Network analysis requires detailed data representing the elements of the network and its properties. The core of a network dataset is a vector layer of polylines representing the paths of travel, either precise geographic routes or schematic diagrams, known as edges. In addition, information is needed on the network topology, representing the connections between the lines, thus enabling the transport from one line to another to be modeled. Typically, these connection points, or nodes, are included as an additional dataset.
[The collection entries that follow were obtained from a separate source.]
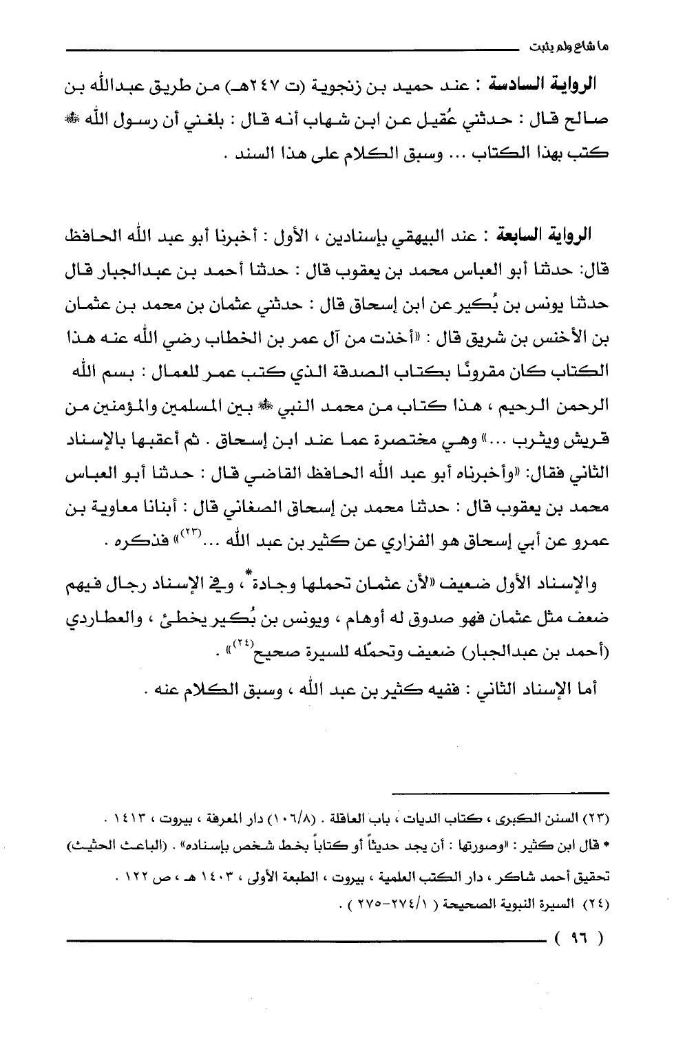الرواية السادسة: عند حميد بن زنجوية (ت 247 هـ) من طريق عبد الله بن صالح قال: حدثني عُقيل عن ابن شهاب أنه قال: بلغني أن رسول الله - صلى الله عليه وسلم - كتب بهذا الكتاب ... وسبق الكلام على هذا السند.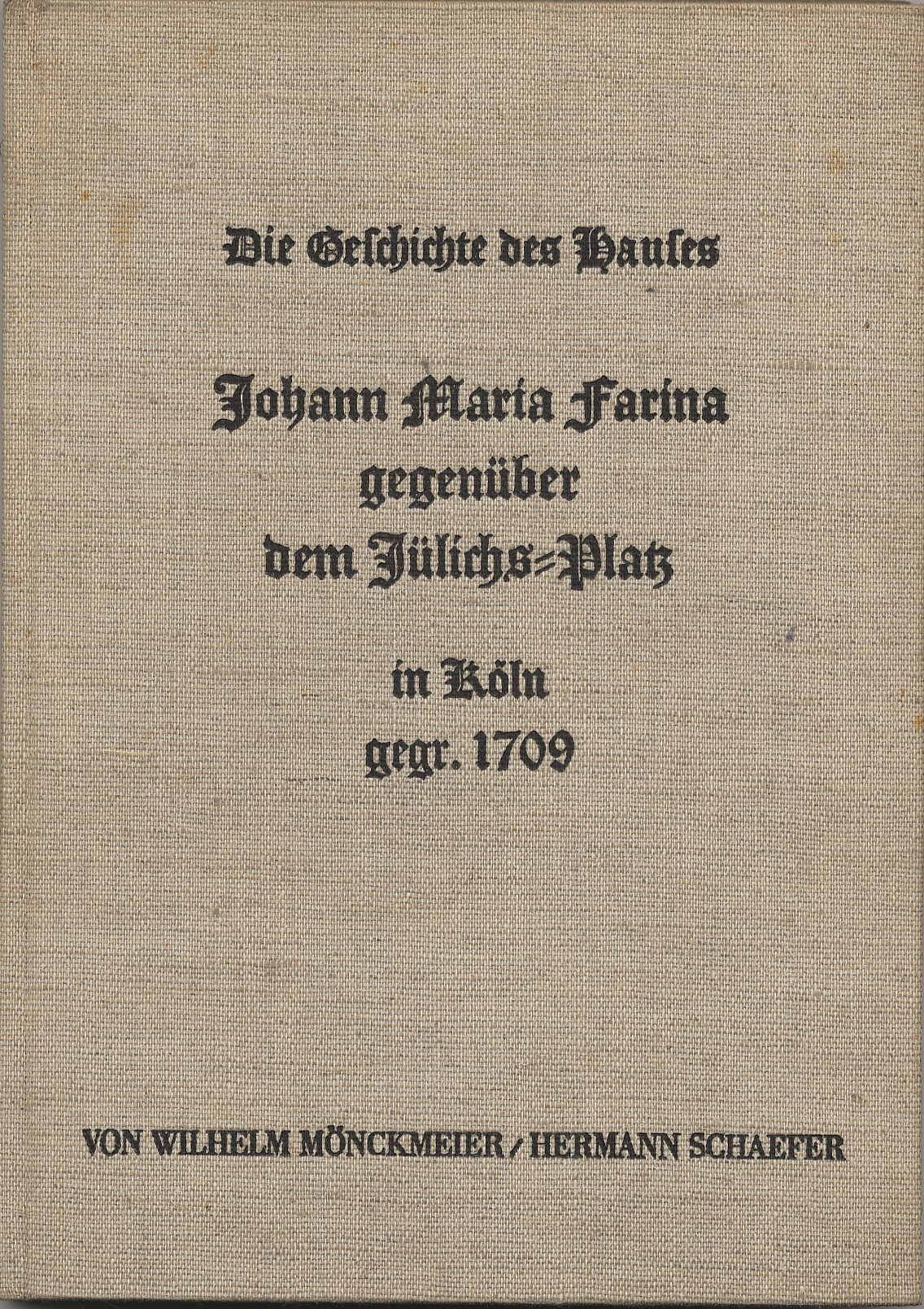 Mönckmeier, Wilhelm: Die Geschichte des Hauses Johann Maria Farina gegenüber dem Jülichs-Platz in Köln. Gegründet 1709. Eine wirtschafts- und handelsgeschichtliche Studie. Überarbeitt von Hermann Schaefer. Berlin, Kurt Vowinckel, 1934. Ca. 24,5 x 17,5 cm. X’V S., 200 Seiten. Mit einem Porträt, Faksimiles auf Tafeln, Stammbaum. Grauer Orig.-Leinenband. Aus der Reihe: Schriften des Rheinisch-Westfälischen Wirtschaftsarchivs, Band 7. Gutes Exemplar. Johann Maria Farina (1685-1766), Erfinder des „Eau de Cologne“.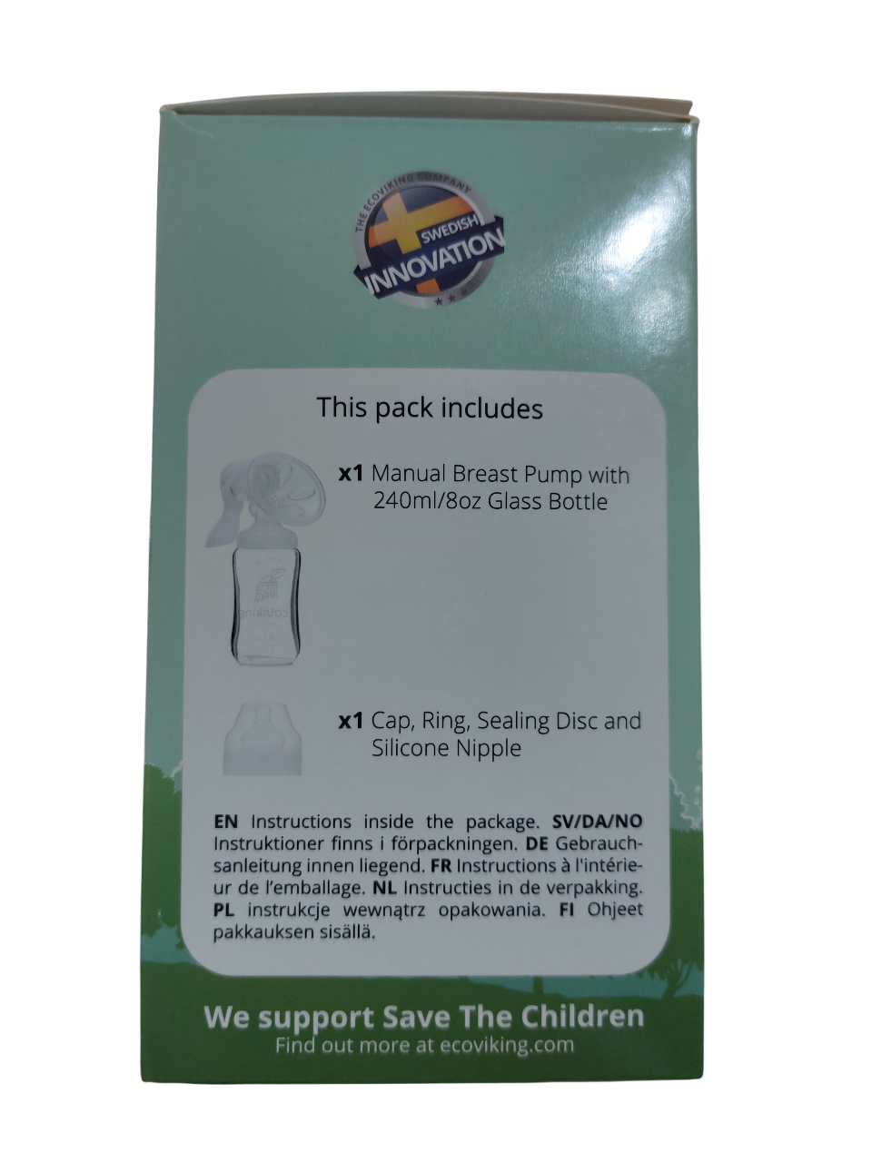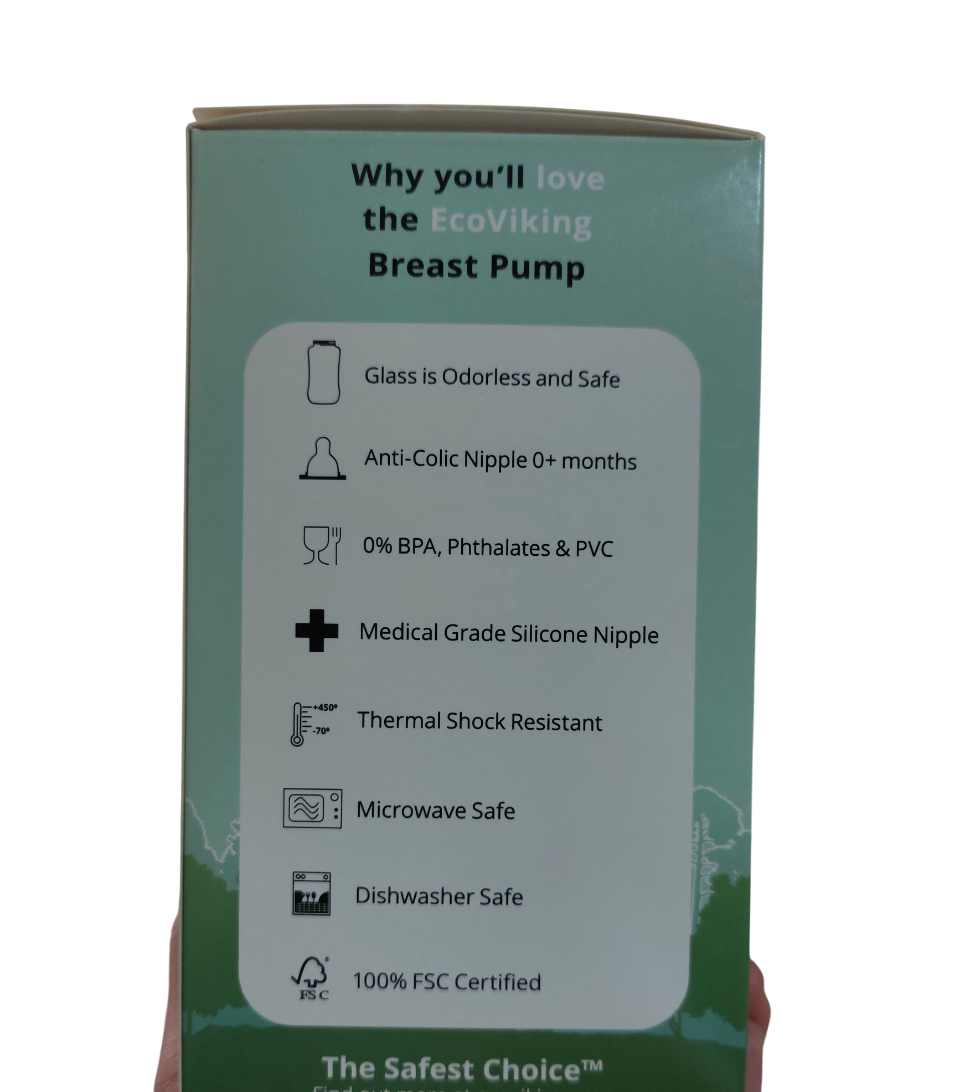 Mamadera de vidrio ECO de la marca sueca EcoViking. La botella está hecha de vidrio de borosilicato puro duradero y resistente al calor que puede manejar grandes diferencias térmicas. Altamente Resistente puede ir directamente del congelador al agua hirviendo. Anticólicos. Resistente al calor hasta 450 ℃. Peso ligero. Libre BPA, tetina silicona de grado médico. Hecho en Suecia.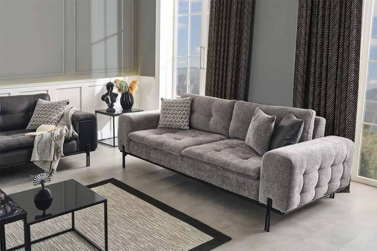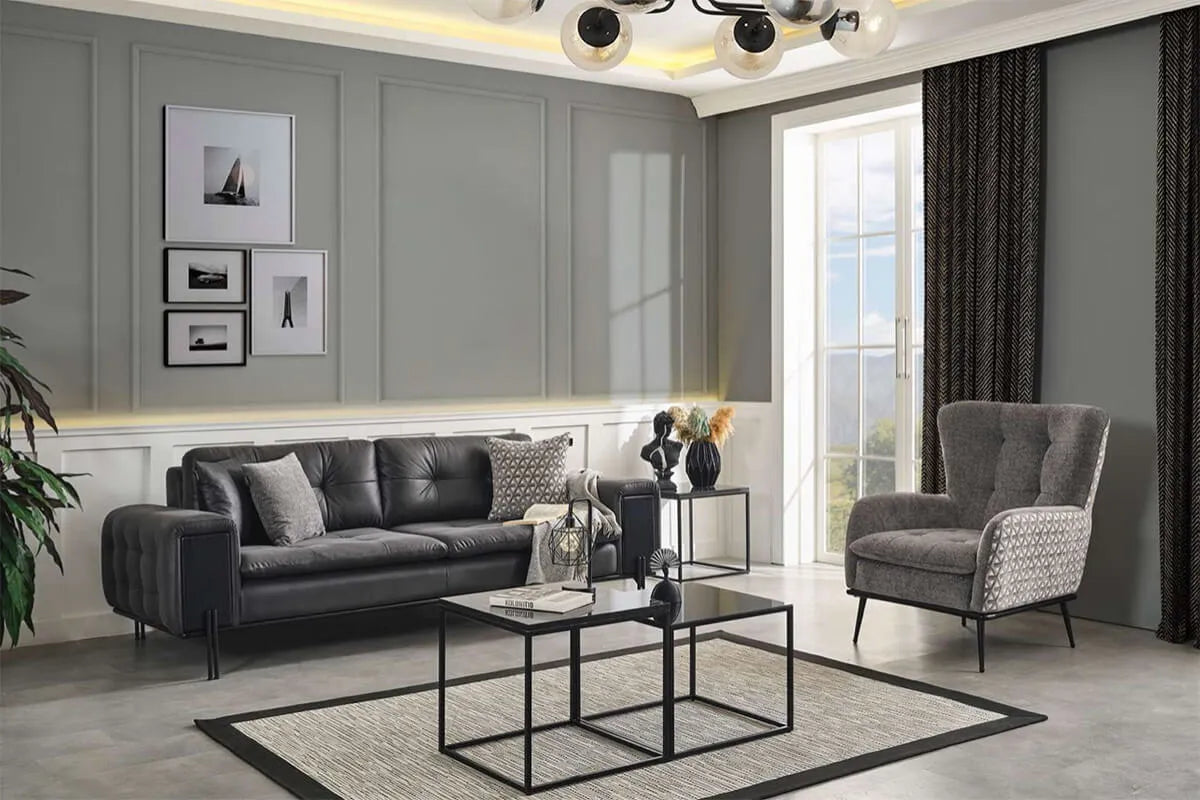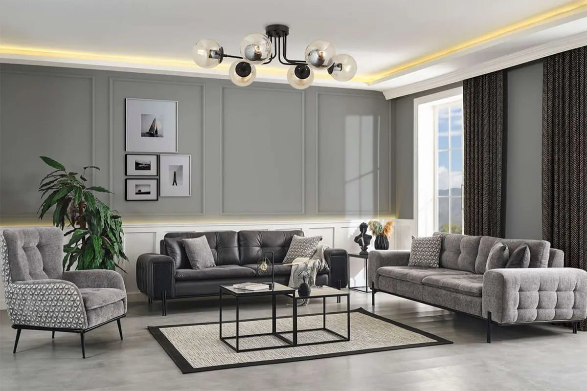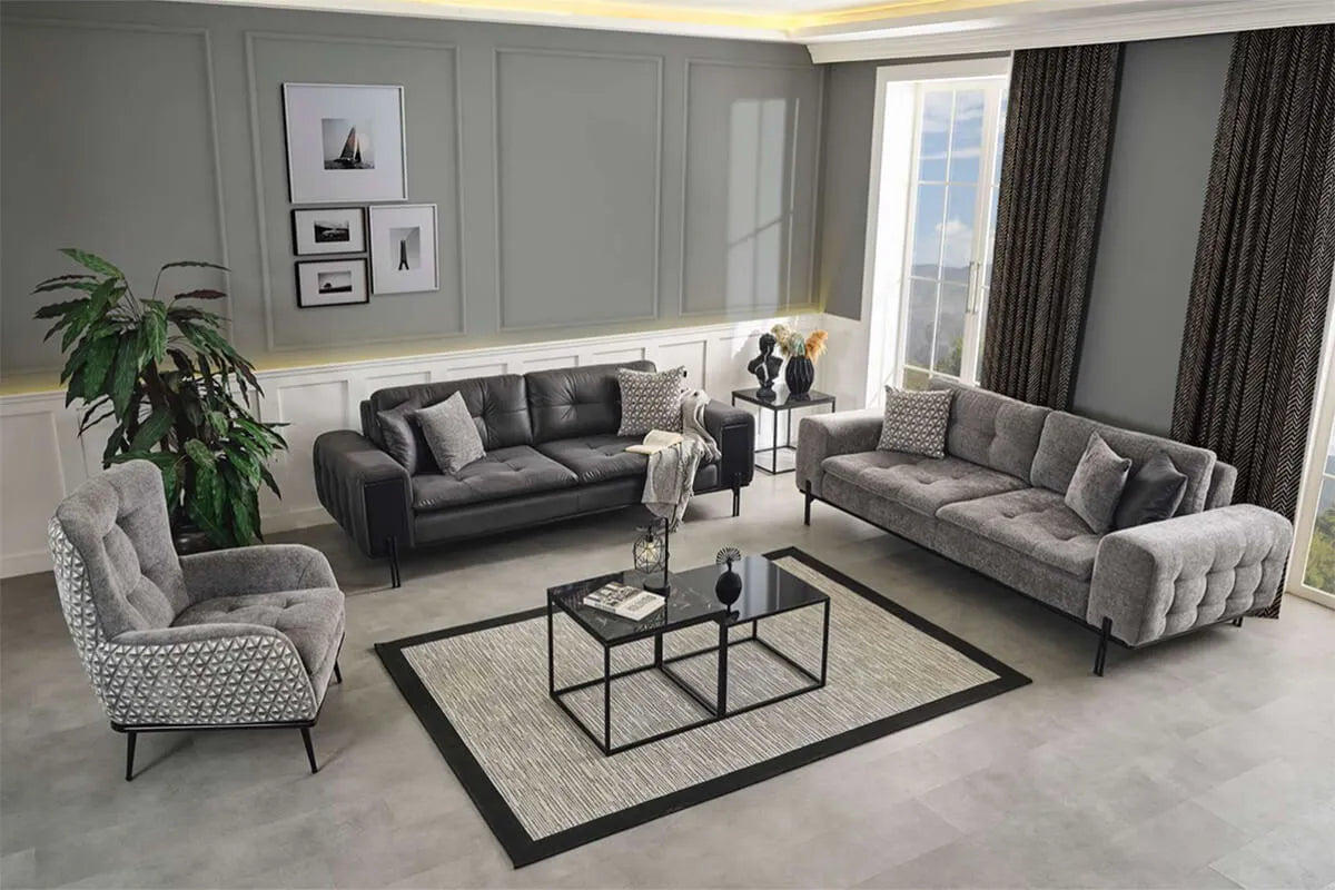 The Anka sofa set is an elegant and comfortable choice that will harmonize with any room in your home. Whether you're enjoying a pleasant movie night with your family or having a chat with friends, the Anka sofa set is designed for your comfort. This sofa set stands out with its modern design and high-quality materials. Its stylish fabric and unique design add a striking touch to your room. The Anka sofa set boasts a chic and minimalist appearance. Comfortable and spacious seating areas, along with high-quality cushions, make sitting all day long a comfortable experience. Not only for home use but also suitable for your office, the Anka sofa set provides a comfortable seating area in your workspace. Whether at home or in the office, with the Anka sofa set, you can experience style and comfort together. Designed with the quality and elegance of Ider Furniture, the Anka sofa set is tailored to provide you with the most comfortable moments of your life.

Both the edges and notes are attributed with properties related to the movement or flow:

  • Capacity, measurements of any limitation on the volume of flow allowed, such as the number of lanes in a road, telecommunications bandwidth, or pipe diameter.
  • Impedance, measurements of any resistance to flow or to the speed of flow, such as a speed limit or a forbidden turn direction at a street intersection
  • Cost accumulated through individual travel along the edge or through the node, commonly elapsed time, in keeping with the principle of friction of distance. For example, a node in a street network may require a different amount of time to make a particular left turn or right turn. Such costs can vary over time, such as the pattern of travel time along an urban street depending on diurnal cycles of traffic volume.
  • Flow volume, measurements of the actual movement taking place. This may be specific time-encoded measurements collected using sensor networks such as traffic counters, or general trends over a period of time, such as Annual average daily traffic (AADT).

Analysis Methods

Transport network analysis is used to determine the flow of vehicles (or people) through a transport network, typically using mathematical graph theory. It may combine different modes of transport, for example, walking and car, to model multi-modal journeys. Transport network analysis falls within the field of transport engineering. Traffic has been studied extensively using statistical physics methods.[2][3][4] Recently a real transport network of Beijing was studied using a network approach and percolation theory. The research showed that one can characterize the quality of global traffic in a city at each time in the day using percolation threshold, see Fig. 1. In recent articles, percolation theory has been applied to study traffic congestion in a city. The quality of the global traffic in a city at a given time is by a single parameter, the percolation critical threshold. The critical threshold represents the velocity below which one can travel in a large fraction of city network. The method is able to identify repetitive traffic bottlenecks. [5] Critical exponents characterizing the cluster size distribution of good traffic are similar to those of percolation theory.[6] It is also found that during rush hours the traffic network can have several metastable states of different network sizes and the alternate between these states.[7]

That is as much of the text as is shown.